T or Z? If $\sigma$ is unknown and we have to estimate it, use t. If we're not estimating $\sigma$, use z. That said, if you're estimating $\sigma$ and you have >30, you can use z too, since z approximates t when n > 30. If you're not sure, go with t, as it's more conservative and approaches z anyway with more data points.
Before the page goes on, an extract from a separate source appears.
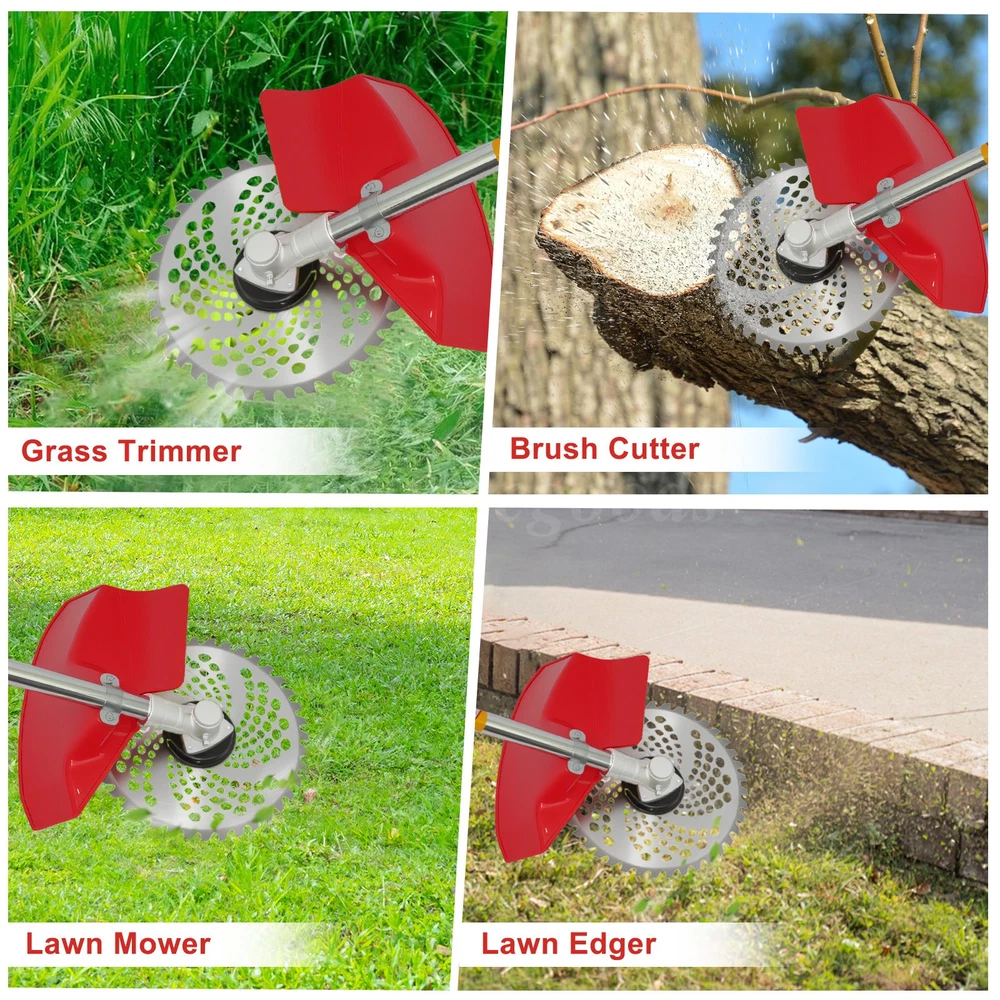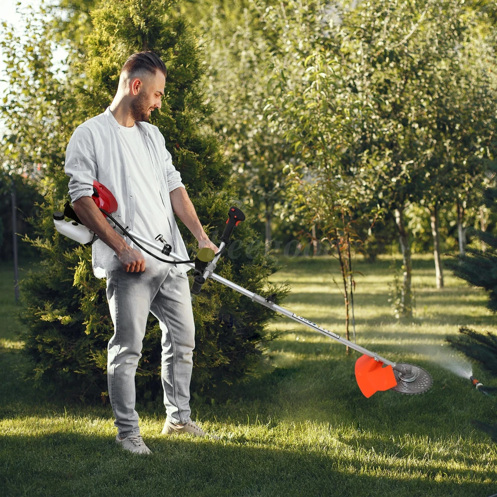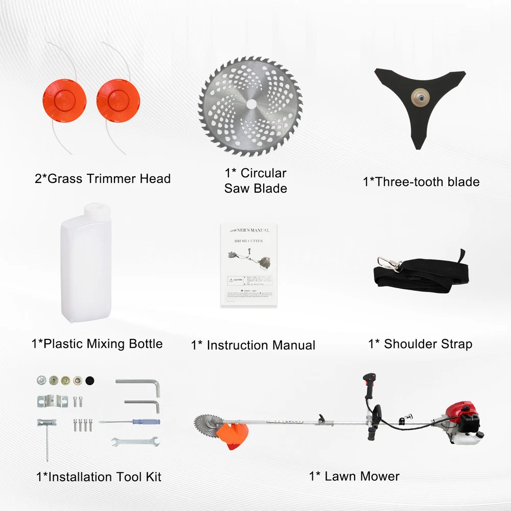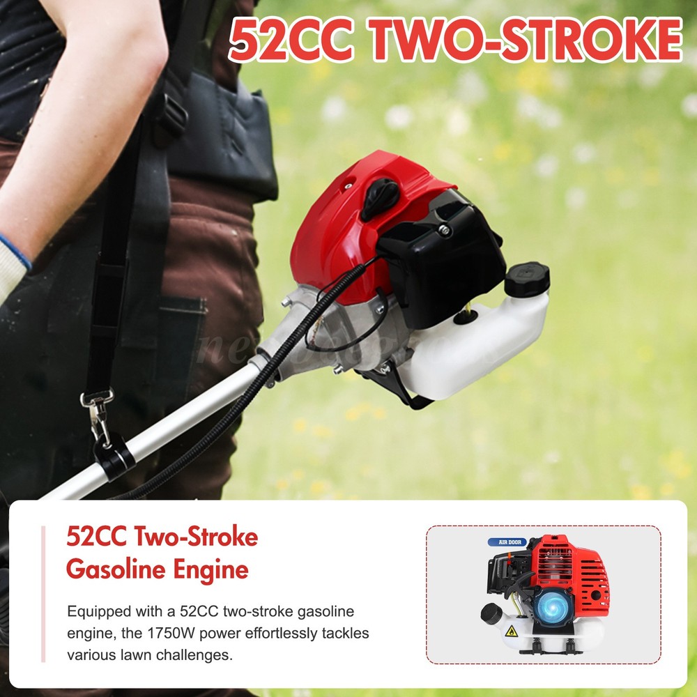 Description: It is an efficient and reliable weed wacker for lawn care. Brush Cutter and String trimmer are ideal for trimming around the garden and heavy work on brambles and thick brushes. It only takes a few seconds to convert, so you can use it quickly and easily trim around flowerbeds, sidewalks, and foundations. Gas Weed Eater String Trimmer/Brushcutter contains 4 cutter heads, one 3T blade, two dual thread head,and one Hedge trimmer head. Weed wacker has an 18'' Cutting Path to cover more ground in less time, which makes lawn work more simple and more efficient. The wide safety guard is designed to help protect the operator by deflecting debris produced during the trimming operation. Do not operate the unit without a shield. Trimmer line without bumping, adjustable u-handle, shoulder strap, and ultra-lightweight design, along with superior ergonomics allow for reduced user fatigue. This trimmer/edger has everything to keep your yard looking fantastic. 52cc 2-cycle Efficient Working 4 IN 1 Multi-use Trimming Heads Protective Cover Caring for Your Safety Easy-to-use&safe Double Switch Control Adjustable Shaft Design for Different People Adjustable Shoulder Strap Lightening Your Load Specification: Type: Gasoline Lawn Mower Engine Type: Single cylinder, air-cooled, 2-stroke Carburetor Type: Diaphragm type Displacement: 52cc Starting System: Recoil start Fuel Tank Capacity: 1.25L Drive Shaft Type: Hard shaft/soft shaft Operation Type: Backpack/side-mounted High Stability Speed: 10800r/min Ignition Type: Non-contact Max Power: 1.75kw Net Weight: 9.5kg Cutting Diameter: Blade 250mm, Nylon head 400mm Features: 【Adjustable Straight Shaft Design, Customize Your Trimming Experience】This gasoline lawn mower features an adjustable straight shaft design, making it easy to trim hard-to-reach areas under bushes and perform precise trimming in specific areas of your lawn. Simply adjust the straight shaft to meet your personalized needs. 【Ergonomic Handle Design for Effortless Control】The handle is ergonomically designed to ensure comfort during extended use, eliminating wrist strain. The height and angle of the handle are adjustable, allowing every user to find the most comfortable operating position. 【52cc Two-Stroke Gasoline Engine, Powerful Performance】Equipped with a 52cc two-stroke gasoline engine, the 1750W power effortlessly tackles various lawn challenges. Whether it's thick grass, weeds, or shrubs, it can cut through them quickly, revitalizing your garden. 【4-in-1 Trimmer Heads for Versatile Use】Comes with 4-in-1 trimmer heads including a three-tooth blade, nylon trimmer head, pole saw head, and hedge trimmer head. One machine handles all garden issues with ease. 【Large Capacity Fuel Tank for Long-Lasting Operation】The 1250ml fuel tank capacity ensures continuous work. With up to 45 minutes of runtime, you can focus on trimming and beautifying your garden without frequent refueling. 【Easy-to-Remove Baffle for Safe Operation】The easy-to-remove baffle prevents debris from splashing, ensuring safe operation. The transparent fuel tank allows you to monitor the fuel level at any time, ensuring smooth work. 【Powerful and Stable Gasoline Weed Eater】Compared to electric weed eaters, gasoline weed eaters are more powerful and stable. There's no need to worry about battery aging or power cord length, making your work more free and unrestricted. Package Contents: 1 x Lawn Mower 4 x Detachable Trimmer Heads (Three-tooth blade, Nylon trimmer head, Pole saw head, Hedge trimmer head) 1 x Plastic Mixing Bottle 1 x Shoulder Strap 1 x Protective Cover 1 x Installation Tool Kit (Hex wrench, socket wrench, double-headed screwdriver, handle, aluminum tube, tightening screws) 1 x User Manual Note: 1. Please allow slight errors due to manual measurement. 2. Due to display and lighting differences, the actual product may slightly differ from the pictures. 3. Product details may vary due to different production batches. If you are concerned about price differences, please purchase with caution. Thank you for your understanding. 4. If you have any questions about the product, please contact us. On Jul 18, 2025 at 07:15:17 PDT, seller added the following information:

http://rpsychologist.com/d3/tdist/ example

# One Sample Test of Population Mean

**Problem**: On average, a patient should take 20mg of Vinceadrine per day. A large drug company believes more Vinceadrine than this is consumed. They obtained anonimous drug data from 7 random patients and found that they consumed the following amounts of Vinceadrine: 20, 30, 25, 25, 30, 15, 40. Is there sufficient evidence to say that the amount consumed is higher?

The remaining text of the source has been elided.